-- Collected data follows --
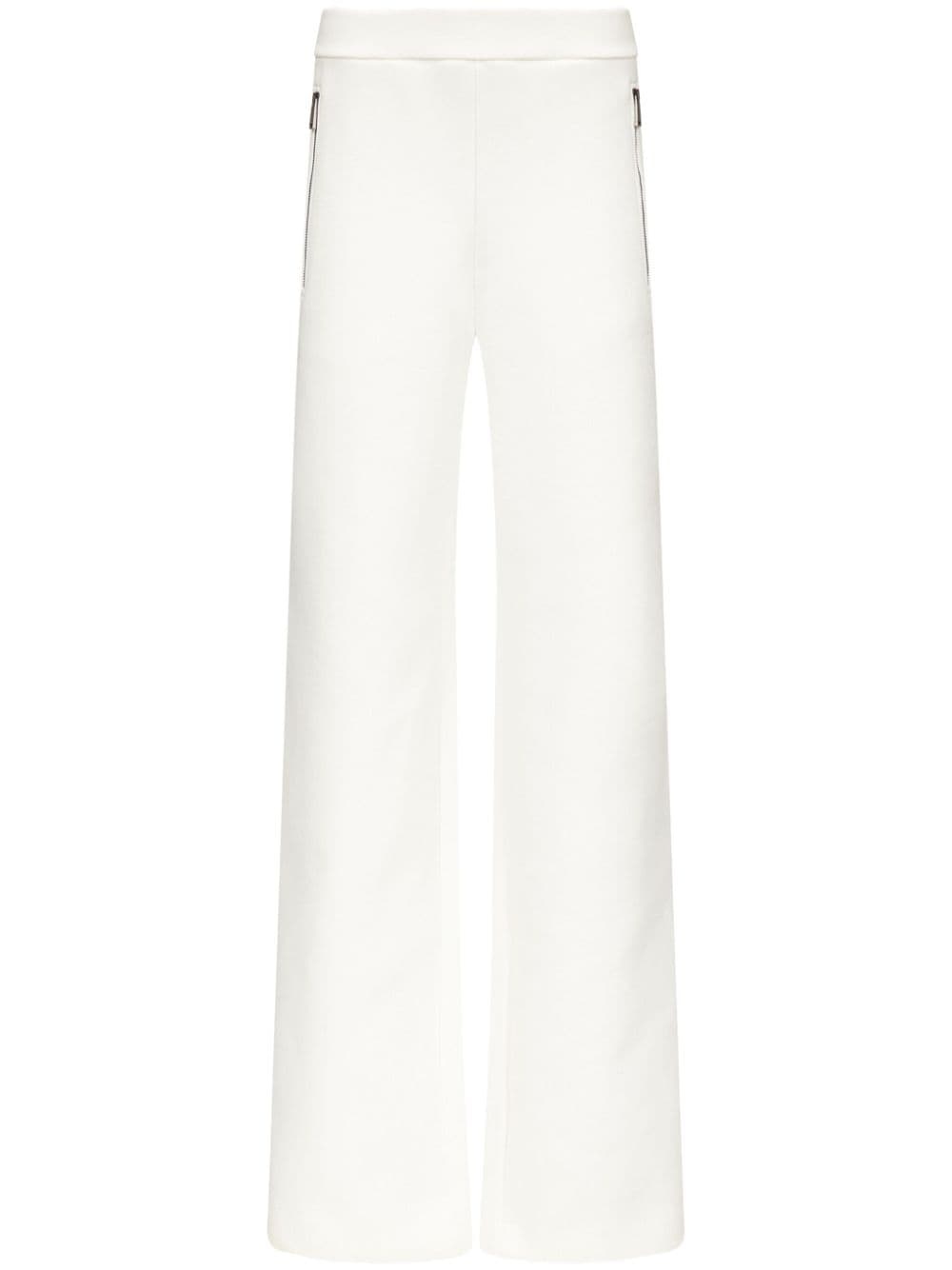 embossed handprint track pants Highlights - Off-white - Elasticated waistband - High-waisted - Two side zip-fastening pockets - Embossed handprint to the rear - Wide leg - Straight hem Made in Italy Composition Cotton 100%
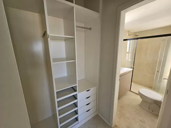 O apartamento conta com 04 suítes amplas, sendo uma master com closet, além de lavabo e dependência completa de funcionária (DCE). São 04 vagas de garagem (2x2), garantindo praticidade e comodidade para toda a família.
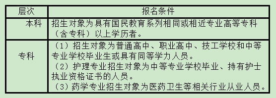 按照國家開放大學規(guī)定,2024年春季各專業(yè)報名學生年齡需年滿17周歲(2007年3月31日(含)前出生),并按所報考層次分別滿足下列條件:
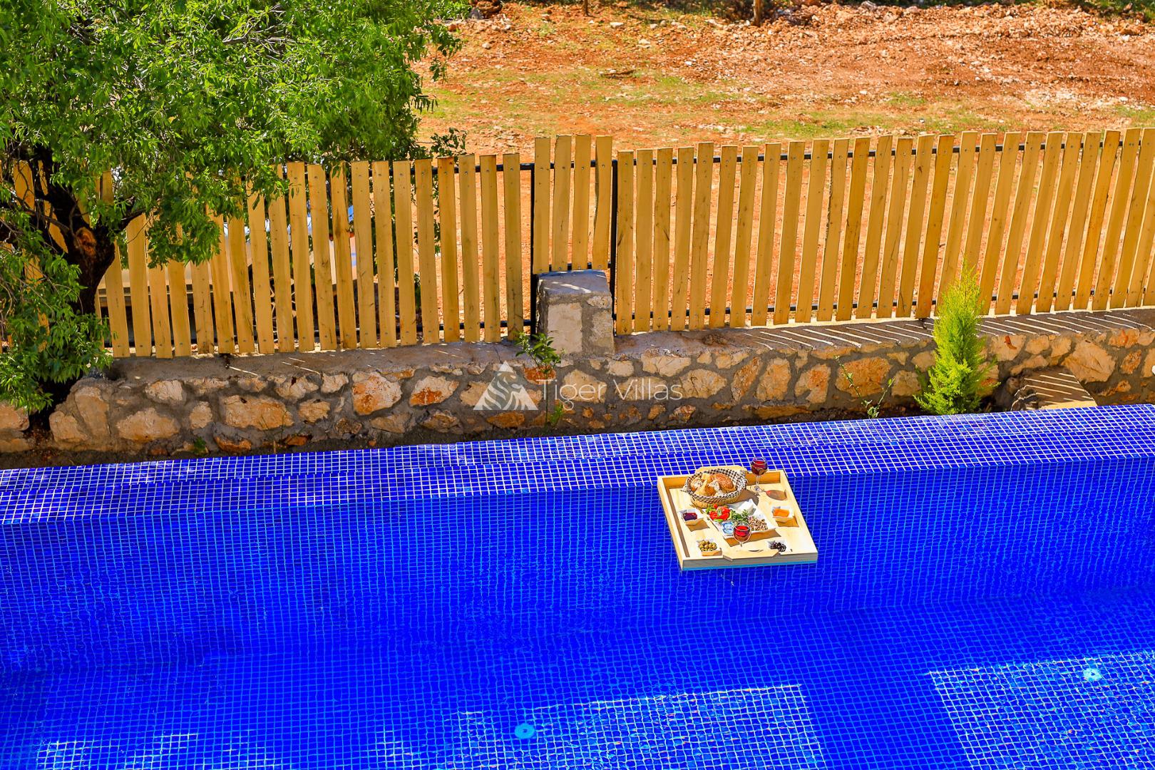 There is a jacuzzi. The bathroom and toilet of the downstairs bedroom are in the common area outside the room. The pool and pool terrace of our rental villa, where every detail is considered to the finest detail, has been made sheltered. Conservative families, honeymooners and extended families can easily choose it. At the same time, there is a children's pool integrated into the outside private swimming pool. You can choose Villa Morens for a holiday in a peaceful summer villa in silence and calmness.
-- Collected data concluded --
*Problem requirements*: The copy must reproduce the listing above verbatim and contain no pictures.

*Solution for this problem*:
 embossed handprint track pants Highlights - Off-white - Elasticated waistband - High-waisted - Two side zip-fastening pockets - Embossed handprint to the rear - Wide leg - Straight hem Made in Italy Composition Cotton 100%
 O apartamento conta com 04 suítes amplas, sendo uma master com closet, além de lavabo e dependência completa de funcionária (DCE). São 04 vagas de garagem (2x2), garantindo praticidade e comodidade para toda a família.
 按照國家開放大學規(guī)定,2024年春季各專業(yè)報名學生年齡需年滿17周歲(2007年3月31日(含)前出生),并按所報考層次分別滿足下列條件:
 There is a jacuzzi. The bathroom and toilet of the downstairs bedroom are in the common area outside the room. The pool and pool terrace of our rental villa, where every detail is considered to the finest detail, has been made sheltered. Conservative families, honeymooners and extended families can easily choose it. At the same time, there is a children's pool integrated into the outside private swimming pool. You can choose Villa Morens for a holiday in a peaceful summer villa in silence and calmness.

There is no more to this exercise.